BRUSSELS: With his move this week to conclude negotiations on a deal with Japan and 10 other Pacific Rim economies, Barack Obama went a long way to achieving one of the main pillars of an ambitious trade agenda.
So what about another? Can the US and the EU now seal the deal on the Transatlantic Trade and Investment Partnership, a proposed pact that has become a political lightning rod in Europe but can feel like a forgotten project in the halls of power in Washington?
More than two years after negotiations started, the consensus view on both sides of the Atlantic is increasingly that the project is unlikely to be finished before Mr Obama leaves the White House in 15 months’ time.

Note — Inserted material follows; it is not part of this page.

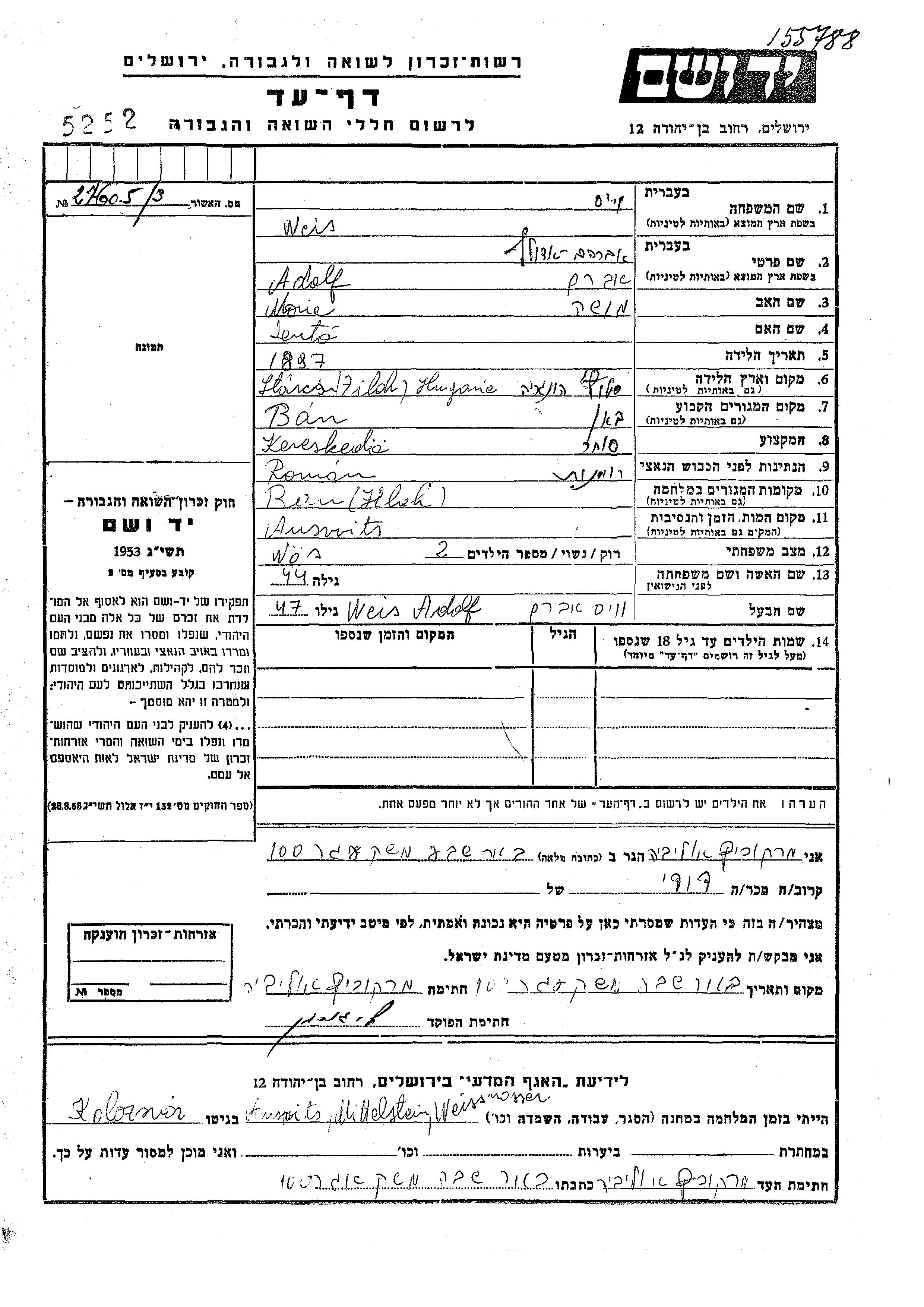 Yad Vashem - Pages of Testimony Names Memorial Collection

Meeting that deadline, says Miriam Sapiro, who until last year oversaw the negotiations with the EU as deputy US trade representative, would require a significant acceleration of the talks.

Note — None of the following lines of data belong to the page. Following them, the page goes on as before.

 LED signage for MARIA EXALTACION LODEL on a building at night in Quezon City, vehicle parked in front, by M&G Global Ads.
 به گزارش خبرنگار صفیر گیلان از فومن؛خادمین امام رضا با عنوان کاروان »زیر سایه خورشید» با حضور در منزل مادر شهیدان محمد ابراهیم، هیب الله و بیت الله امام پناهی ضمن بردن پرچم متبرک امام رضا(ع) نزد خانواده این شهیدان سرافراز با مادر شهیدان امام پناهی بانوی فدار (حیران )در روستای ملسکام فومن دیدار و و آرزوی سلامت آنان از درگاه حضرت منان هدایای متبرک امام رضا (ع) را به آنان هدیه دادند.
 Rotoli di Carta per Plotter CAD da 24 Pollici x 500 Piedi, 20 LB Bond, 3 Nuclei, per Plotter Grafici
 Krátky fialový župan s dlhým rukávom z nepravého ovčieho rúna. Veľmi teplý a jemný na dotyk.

“If both sides want to finish next year it is possible. But they are going to have to work very hard,” she said.
Both sides, however, appear ready to try.
At a meeting in Washington last month Cecilia Malmström, the EU’s trade commissioner, and Mike Froman, the US trade representative, agreed to “accelerate” negotiations. On Monday Ms Malmström greeted the news of the conclusion of the TPP — the world’s biggest trade pact for two decades — as good news for world trade as a whole.